The blond steps back from the nose-to-the-glass position for a second, peels his jacket off, and ties it around his waist, sneaking a glance over at Roy.  Roy tries to sneak a glance back and gets distracted by the bright red gauze tape wrapped around the blond’s left elbow, pinning a cotton ball to the inside.

“Al can’t take mine,” the blond says.  “He’s type O, because of course he fucking is, but I just donate any time I have to come in anyway.  I figure that at least maybe it can help someone else.  Maybe this time the universe will care.”

Roy watches his fingers curl around the top of the joystick—tightly, and then looser.  Almost gentle.

“O negative?” Roy asks.

The blond glances over at him—it’s just surprise at first, but then the realization dawns, and he starts grinning so broadly that it lights up his whole face.  Even the circles under his eyes don’t look so deep.

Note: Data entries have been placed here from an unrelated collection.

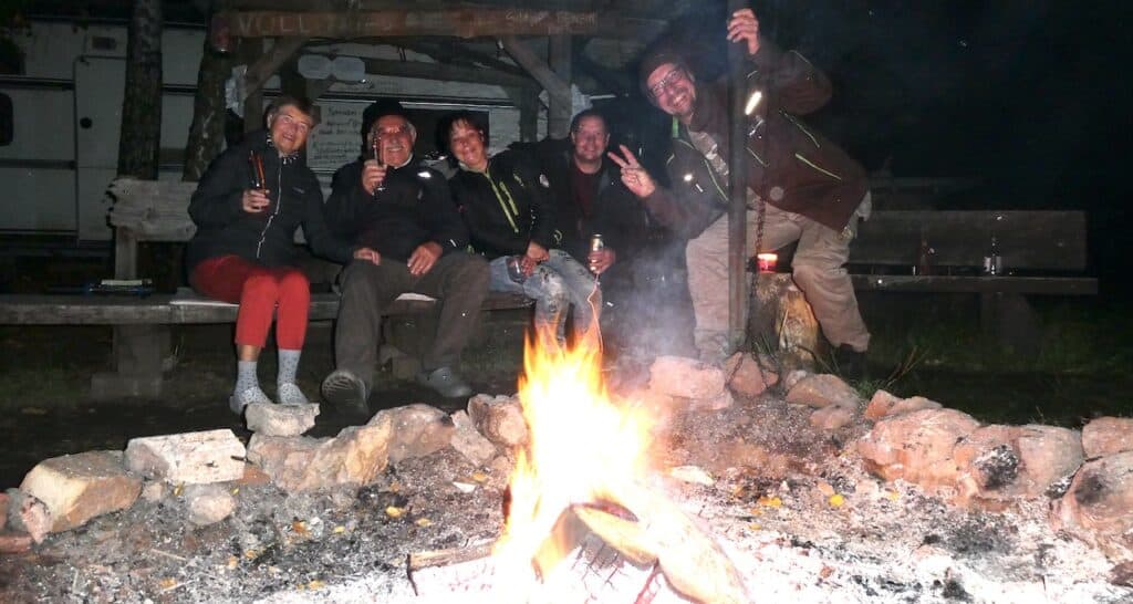 Nach 22 Uhr gesellen wir uns dann noch zu den anderen Campern, die an der Feuerstelle schon eine Weile in froher Runde feiern. Wir haben es noch sehr lustig, bei durchaus auch ernsthaften Themen. Auf dem Foto des harten Kerns sind neben uns Sandra und ihr Mann Dirk und der Feuerteufel Alex zu sehen. Alles sehr nette Leute, die vom Alter her unserer Kinder sein könnten.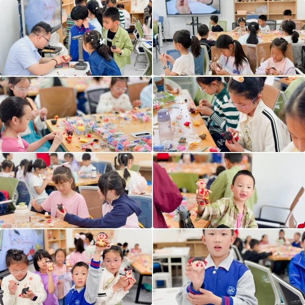 孩子们围坐在桌前,眼中满是期待与好奇。在老师的悉心引导下,他们小心翼翼地打开材料包,认真聆听每一个制作步骤。揉、捏、挑、压,一双双稚嫩的小手在面团上灵动翻飞,仿佛被赋予了神奇的魔力。他们全神贯注,神情专注,俨然一副专业面塑大师的模样。随着时间的悄然流逝,一个个栩栩如生、形态各异的面塑“哪吒”在孩子们的指尖诞生。孩子们自豪地举起自己的作品,脸上洋溢着灿烂的笑容,那笑容如同春日里盛开的花朵,绽放着成功的喜悦。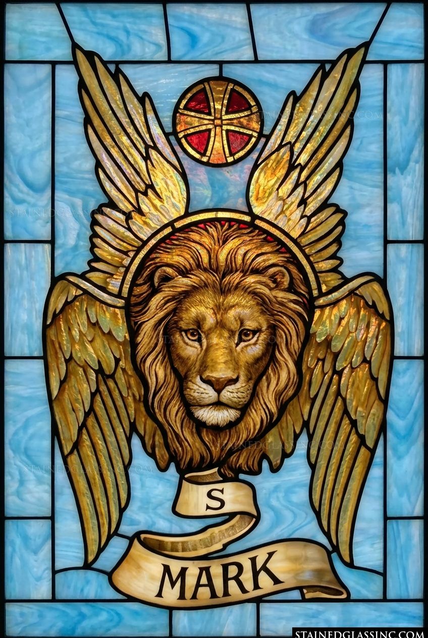 Bring the profound beauty and reverence of classic religious iconography into your home or chapel with the St. Mark the Evangelist Window Panel. This breathtaking vertical piece masterfully portrays Saint Mark, traditionally symbolized in Christian art as a majestic winged lion, representing the royal dignity of Christ and the resurrection detailed in his Gospel. The magnificent lion is beautifully depicted with a regal golden mane, sweeping feathered wings, and a radiant halo, hovering above a graceful scroll bearing his name. A striking golden and ruby red cross emblem rests prominently above him, all set against a tranquil, mottled light blue sky.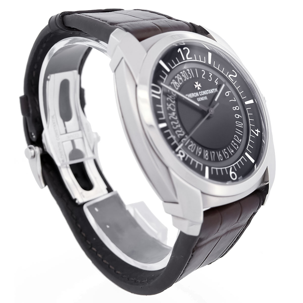 Luxurious crocodile leather strap with a sophisticated folding clasp in Maltese cross design.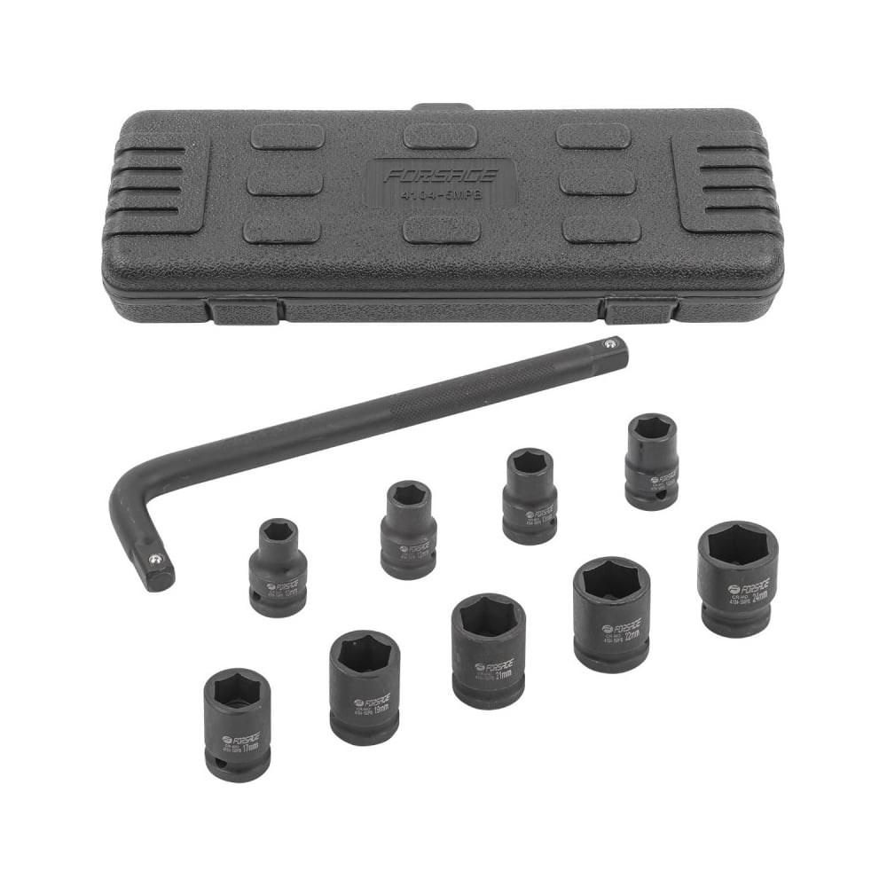 Набор ударных торцевых головок FORSAGE 1/2" из 10 предметов — это не просто инструмент, а надежный помощник в любой ремонтной задаче.Преимущества:Разнообразие размеров: Набор включает 9 торцевых головок различных размеров, которые идеально подходят для работы с различными крепежными элементами. Это универсальное решение для выполнения множества задач — от замены колес до ремонта двигателя.Прочная конструкция: Головки изготовлены из хроммолибденовой стали (CR-Mo), которая известна своей исключительной прочностью и устойчивостью к износу. Этот материал обеспечивает долгий срок службы инструмента даже при интенсивном использовании.Точность и надежность: Посадочный квадрат 1/2'' и 6-гранные профили головок обеспечивают плотную посадку на болтах и гайках, предотвращая их повреждения и минимизируя риск срыва граней.Удобство работы в труднодоступных местах: В комплект входит Г-образный вороток для головок, который позволяет легко справляться с крепежными элементами даже в самых труднодоступных местах. Его эргономичная рукоятка обеспечивает комфорт и контроль в процессе работы.Удобное хранение: Все инструменты аккуратно уложены в прочный пластиковый кейс, который обеспечивает защиту от повреждений и упрощает транспортировку. Теперь весь необходимый инструмент всегда под рукой.Регулярное обслуживание: После каждого использования рекомендуется очищать головки и вороток от загрязнений и смазывать, чтобы обеспечить их безупречную работу на долгие годы.Выбор правильного размера: Для предотвращения повреждений болтов и гаек всегда используйте головку соответствующего размера.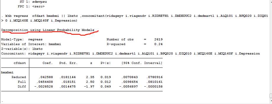 统计小白求指导 发表于 2020-5-17 16:55 khb的一篇文章里边给的例子是logit的,但是文章说regress也是可以的,我输入khb regress y x ||M,concomit ...

“You shit me,” the blond says.  “Well?  What the hell are you still doing here?  Get over there and tell them to stick a needle in your arm.”

“One second,” Roy says.

He sets the shitty beer down on the end of a pinball placket with a relatively shallow incline and walks over to the grimy, battered-looking token dispensing machine.  On his way over to it, he catches up one of the orange plastic buckets provided for collecting paper prize tickets.

He puts the bucket under the collection bowl for tokens, pulls out his wallet, and feeds two twenty dollar bills into the machine.  The ringing of a deluge of cheap brass coins clinking against each other makes him feel slightly dizzy, but at least ghosts probably don’t experience vertigo.

He sweeps the last few stragglers into the bucket, brings it back over, and sets it down on the floor at the blond’s feet.

“Give ’em hell,” he says.

The beaming grin is more than he ever would have hoped for, on a night like this one.  That’s victory enough.

“Hey, hold up,” the blond says as Roy gives him a fake salute and starts to turn towards the door.  “Give me your phone.”

Roy knows—deep-down, from the feeble warmth climbing the inside of his sternum, with a strange and unshakable certainty he can’t explain—that forty dollars of tokens are worth a thousand times more to this kid than a black market iPhone sale.

Hell, maybe he doesn’t even have a phone.  Roy’s not sure how he could fit one into the pockets of those pants.

Roy unlocks his and holds it out.

The blond flashes him another weary but undaunted sunspot grin and navigates immediately over to Roy’s contacts to create a new one.  “Let me know how it goes, okay?  I mean it.  This shit’s so much worse when you have to do it alone.  And listen to the phlebotomists when they tell you to sit down and drink water for fifteen minutes, because a lot of people pass out the first time, and that’s really fucking embarrassing.”

He hands the phone back.  Roy glimpses Ed at the top, accompanied by the little yellow cat face emoji, before he slides it back into his pocket.

“Thank you,” he says.

“Whatever,” Ed says, warmly.  He leans down, grasps the bottom of his left pants leg, and tugs the tight jeans up just enough to show… silver.  Metal—intricate and ankle-shaped.  “And—y’know.  With your friend.  Keep in mind that there are a lot of things they say you’ll never do again.  They have to say that.  And sometimes they’re right, sure, but… not every time.”

“Not every time,” Roy says.  He thinks he believes it.  “I’ll text you.  Take care, all right?”

“Don’t tell me what to do,” Ed says, grinning at him.  “What animal do you want out of this fucking thing after I get the cat?”

If you get the cat,” Roy says.

Ed gives him the finger.  He bows.  Ed has a gorgeous laugh to match the gorgeous everything else.  Jean’s  alive.  Jean might not hate him—or at least not forever.  They’re not right every time.

“Surprise me,” Roy says, and starts for the door.